What to do ::
Although the data below holds other lines too, output only those from the line with "Ролик приводного ремня" up to and including the line with "TAHOMA, Quincy, (American, 1921-1956): Buffalo", exactly as they appear.

Records for the task below:

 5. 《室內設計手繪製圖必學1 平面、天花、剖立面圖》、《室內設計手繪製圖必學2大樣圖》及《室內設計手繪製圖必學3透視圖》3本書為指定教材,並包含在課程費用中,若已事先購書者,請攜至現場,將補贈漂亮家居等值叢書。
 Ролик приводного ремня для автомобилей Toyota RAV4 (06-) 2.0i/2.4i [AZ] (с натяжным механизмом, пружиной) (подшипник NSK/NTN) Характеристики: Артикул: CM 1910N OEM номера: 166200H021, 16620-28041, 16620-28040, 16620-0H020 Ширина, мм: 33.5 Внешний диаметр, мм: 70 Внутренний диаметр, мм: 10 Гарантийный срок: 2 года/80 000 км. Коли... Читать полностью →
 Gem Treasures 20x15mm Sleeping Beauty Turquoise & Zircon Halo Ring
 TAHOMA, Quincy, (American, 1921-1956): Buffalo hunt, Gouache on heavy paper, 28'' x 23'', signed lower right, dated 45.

End of Records for the task.
Records for the task below:

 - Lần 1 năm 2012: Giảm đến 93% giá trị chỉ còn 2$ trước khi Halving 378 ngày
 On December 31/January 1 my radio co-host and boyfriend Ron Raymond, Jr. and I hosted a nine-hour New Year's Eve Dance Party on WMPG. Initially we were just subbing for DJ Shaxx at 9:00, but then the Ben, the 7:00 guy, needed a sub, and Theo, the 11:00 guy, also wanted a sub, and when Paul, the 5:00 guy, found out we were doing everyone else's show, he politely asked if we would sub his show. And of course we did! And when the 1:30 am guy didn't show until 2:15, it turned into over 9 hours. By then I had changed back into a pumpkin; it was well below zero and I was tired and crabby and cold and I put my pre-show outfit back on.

End of Records for the task.

Result for this task ::
 Ролик приводного ремня для автомобилей Toyota RAV4 (06-) 2.0i/2.4i [AZ] (с натяжным механизмом, пружиной) (подшипник NSK/NTN) Характеристики: Артикул: CM 1910N OEM номера: 166200H021, 16620-28041, 16620-28040, 16620-0H020 Ширина, мм: 33.5 Внешний диаметр, мм: 70 Внутренний диаметр, мм: 10 Гарантийный срок: 2 года/80 000 км. Коли... Читать полностью →
 Gem Treasures 20x15mm Sleeping Beauty Turquoise & Zircon Halo Ring
 TAHOMA, Quincy, (American, 1921-1956): Buffalo hunt, Gouache on heavy paper, 28'' x 23'', signed lower right, dated 45.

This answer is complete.